Subsequently, we determined the expression patterns of the inflammatory cytokines IL6 and TNFα to investigate a possible inflammatory reaction to surgical stress. Cytokine expression showed a trend for increased expression at early time-points to end with a significant decrease at 48 h after surgery. In particular, a significant impact was observed on IL6 levels by time-point (p < 0.0001). Levels showed shifting directions during time (with respect to T0 baseline, −68% decrease at T1, p = 0.031; recovery at T2: +18%, p = n.s.; trend for decrease at T3, −52% p = 0.08; significant decrease at T4, −86% p < 0.0001; Figure 3A). A partially similar trend was observed for TNFα, which was modified by time-point (p = 0.0019), but cytokine levels compared with T0 baseline were significantly reduced only at T4 (−82%, p = 0.0007; Figure 3B). For further details see also Supplementary Figures S3A,B in Supplementary material).

FIGURE 3.

FIGURE 3

Cytokine mRNA expression in patients at different time-points. Plot of the least square predicted means with 95% confidence intervals. The predicted least square means were calculated using a 1-way repeated measures mixed model. (A): IL6; (B): TNFα. Ordinate axis is displayed on the Log10 scale. *p < 0.05; ***p < 0.001; ****p < 0.0001; §0.05 < p< 0.1 in planned comparisons with T0 levels. n = 11 patients repeatedly assessed at 5 time-points.

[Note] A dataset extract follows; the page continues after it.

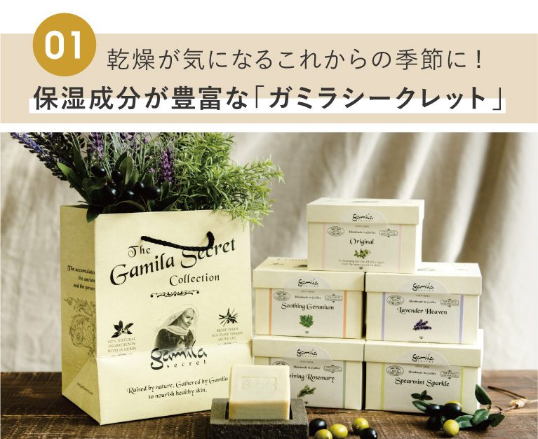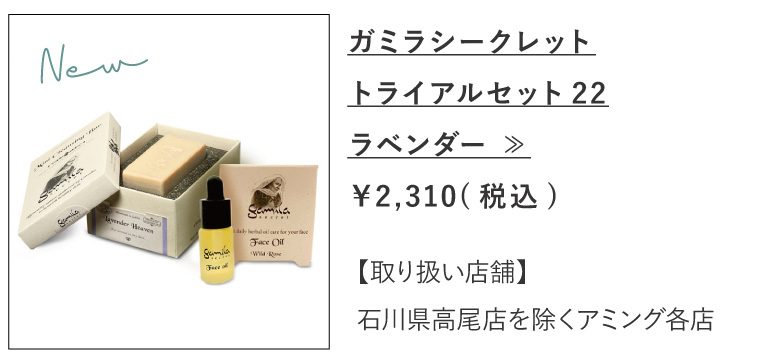 ソープとオイルで完結するガミラシークレットのシンプルスキンケアを体感できます。洗練された素敵なパッケージで、ギフトとしても最適です。

Correlations Between Changes in Global DNA Methylation and Changes in Gene Expression

We then investigated whether correlations existed between changes in methylation percentage and changes in the expression of DNMTs and cytokines. The aim of this analysis was to examine whether the parallel reduction of percentage methylation and DNMT levels observed from T0 to T2, followed by recovery from T2 to T4 correlated with each other. We also meant to explore if cytokine alterations displayed correlations with each other and with global methylation levels. To reach this objective, we calculated the difference of methylation levels and of DNMT or cytokine expression between T2 and T0 and between T4 and T2 and performed a correlation analysis between these variables. We discovered that changes in global methylation percentages were significantly correlated with expression variations of all DNMT isoforms (Table 3). Moreover, significant positive correlations were detected between variations of DNMT isoform expression, which were particularly strong between DNMT3a and DNMT3b (Table 3). We also discovered that cytokine changes showed highly significant correlations with each other (Table 3). In addition, IL6 changes showed a significant negative correlation with global methylation levels (Table 3). The identification of several significant correlations between DNMT isoforms and between DNMTs and cytokines, support the notion of a common regulatory mechanism on their coordinated expression.

TABLE 3.

Correlation analysis between DNA methylation and DNMT and cytokine expression. Significant p values are displayed in bold. 0.05 < p< 0.1 values are displayed in italics.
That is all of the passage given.